Most calculator mistakes come from the inputs, not the arithmetic. Use this short audit before you reuse the answer in a spreadsheet, quote, application, or important conversation.

Confirm source numbers

Match balances, rates, fees, taxes, income, and payment dates against the lender quote, payroll record, tax form, statement, invoice, or contract.

Separate cash flow from total cost

A lower monthly payment can still cost more over time if fees, interest, taxes, or a longer term are hidden in the structure.

Run conservative cases

Test at least one higher-cost or lower-return case before using the output for a purchase, refinance, investment, loan, or tax decision.

Rerun this page when the rate, price, term, fee, tax rule, income, expense, or expected holding period changes.

How to Use

  1. Enter sale proceeds and adjusted cost basis.
  2. Pick whether you held more than 1 year (long-term) or less (short-term, ordinary rates).
  3. Enter your federal capital gains rate (0%, 15%, or 20% for long-term; ordinary rate for short-term).
  4. Enter state rate (0% in WA/FL/TX/etc.; up to 13.3% in CA).
  5. Toggle NIIT if your MAGI exceeds $200k single / $250k joint.

Frequently Asked Questions

What's the difference between long-term and short-term capital gains?

Long-term: held more than 1 year, taxed at 0/15/20% federal. Short-term: held ≤ 1 year, taxed as ordinary income (10–37% federal). The hold period is measured from the day after purchase to the sale date.

What is NIIT?

Net Investment Income Tax: 3.8% on net investment income for high-income filers (MAGI > $200k single / $250k joint). Applies on top of regular capital gains rates. Most high earners owe it on capital gains.
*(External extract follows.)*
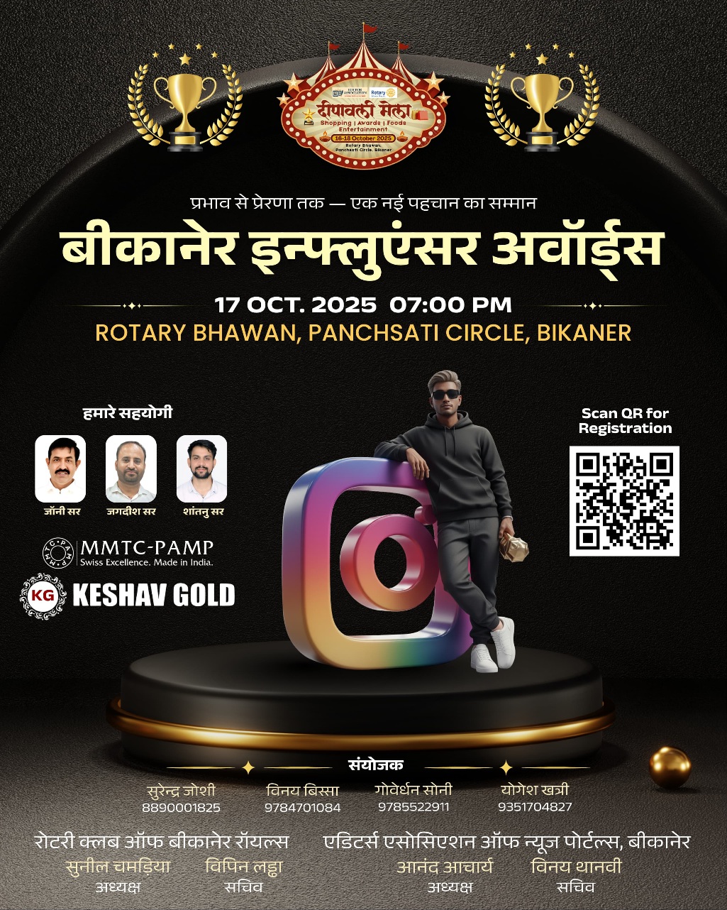 बीकानेर, 11 अक्टूबर। बीकानेर जैसे सांस्कृतिक और रचनात्मक शहर में आज अनेक युवा सोशल मीडिया और डिजिटल प्लेटफॉर्म के माध्यम से अपनी प्रतिभा का प्रदर्शन कर रहे हैं। ब्लॉगिंग, रील्स, वीडियो कंटेंट और ऑनलाइन क्रिएशन के जरिए ये युवा न केवल अपनी पहचान बना रहे हैं, बल्कि शहर की संस्कृति, समाज और व्यवसाय से भी गहराई से जुड़े हुए हैं। इन्हीं डिजिटल क्रिएटर्स को प्रोत्साहित करने और सम्मानित करने के उद्देश्य से बीकानेर में पहली बार “इन्फ्लुएंसर अवॉर्ड नाइट” का आयोजन किया जा रहा है।इस आयोजन के संयोजक रोटेरियन सुरेंद्र जोशी ने बताया कि यह कार्यक्रम रोटरी क्लब बीकानेर रॉयल्स एवं एडिटर एसोसिएशन ऑफ न्यूज पोर्टल्स के संयुक्त तत्वावधान में आयोजित होगा। यह अवॉर्ड नाइट 17 अक्टूबर को सायं 7 बजे रोटरी भवन, पंचशती सर्कल, बीकानेर में आयोजित की जाएगी। इस अवसर पर विभिन्न श्रेणियों में सक्रिय डिजिटल इन्फ्लुएंसरों को सम्मानित किया जाएगा, जिन्होंने अपने कंटेंट के माध्यम से समाज पर सकारात्मक प्रभाव डाला है और बीकानेर की डिजिटल पहचान को नई ऊंचाइयों तक पहुंचाया है।एडिटर एसोसिएशन के उपाध्यक्ष योगेश खत्री ने बताया कि इच्छुक इन्फ्लुएंसर या डिजिटल क्रिएटर निम्न श्रेणियों में आवेदन कर सकते हैं —बेस्ट एक्टर, बेस्ट सपोर्टिंग एक्टर, बेस्ट डायरेक्टर (शॉर्ट्स/रील/म्यूजिक वीडियो), बेस्ट सिनेमैटोग्राफी, बेस्ट ड्रामा/शॉर्ट फिल्म क्रिएटर, बेस्ट वॉइस ओवर आर्टिस्ट, बेस्ट क्रिएटिव वीडियो एडिटर, बेस्ट फोटोग्राफर (ट्रैवल, स्ट्रीट, पोर्ट्रेट), बेस्ट फैशन एंड लाइफस्टाइल इन्फ्लुएंसर, बेस्ट कल्चर एंड हेरिटेज ब्लॉगर, बेस्ट फूड ब्लॉगर, बेस्ट ट्रैवल और इवेंट ब्लॉगर, बेस्ट न्यूज ब्लॉगर या डिजिटल जर्नलिस्ट, बेस्ट आरजे/पॉडकास्ट ऑन सोशल मीडिया, बेस्ट हेल्थ एंड वेलनेस क्रिएटर, बेस्ट मोटिवेशनल एंड एजुकेशनल क्रिएटर, बेस्ट सोशल अवेयरनेस कैंपेन, बेस्ट टीम कोलैबोरेशन, राइजिंग स्टार ऑफ द ईयर, मोस्ट इंपैक्टफुल इन्फ्लुएंसर, पब्लिक चॉइस अवॉर्ड, लाइफटाइम अचीवमेंट इन डिजिटल मीडिया, जिला प्राइड अवॉर्ड (मीडिया के माध्यम से सामाजिक योगदान हेतु), जूरी स्पेशल मेंशन और मिसलेनियस कैटेगरी।रोटेरियन विनय बिस्सा ने बताया कि आवेदन प्रक्रिया पूरी तरह ऑनलाइन है। प्रतिभागी निम्न लिंक के माध्यम से 15 अक्टूबर की रात 12 बजे तक आवेदन कर सकते हैं —🔗 https://forms.gle/b6cbxNrAwW9GC3DXAएडिटर एसोसिएशन के उपाध्यक्ष गोवर्धन सोनी ने बताया कि चयन प्रक्रिया आवेदन और जूरी सिलेक्शन के संयुक्त आधार पर होगी। चयनित प्रतिभाओं को दीपोत्सव कार्यक्रम के मंच पर सम्मानित किया जाएगा।अधिक जानकारी के लिए संपर्क करें —📞 रोटेरियन सुरेंद्र जोशी (8890001825), रोटेरियन विनय बिस्सा (9784701084), गोव

Do all states tax capital gains?

Most do. Notable exceptions: WA, FL, TX, NV, AK, SD, WY, NH, TN tax neither income nor capital gains as ordinary income (WA does have a high-end capital gains tax). CA taxes at top ordinary rate (up to 13.3%).

Can I offset gains with losses?

Yes — capital losses offset capital gains dollar-for-dollar within the same tax year. Excess losses can offset up to $3,000 of ordinary income per year, with carryforward for additional losses.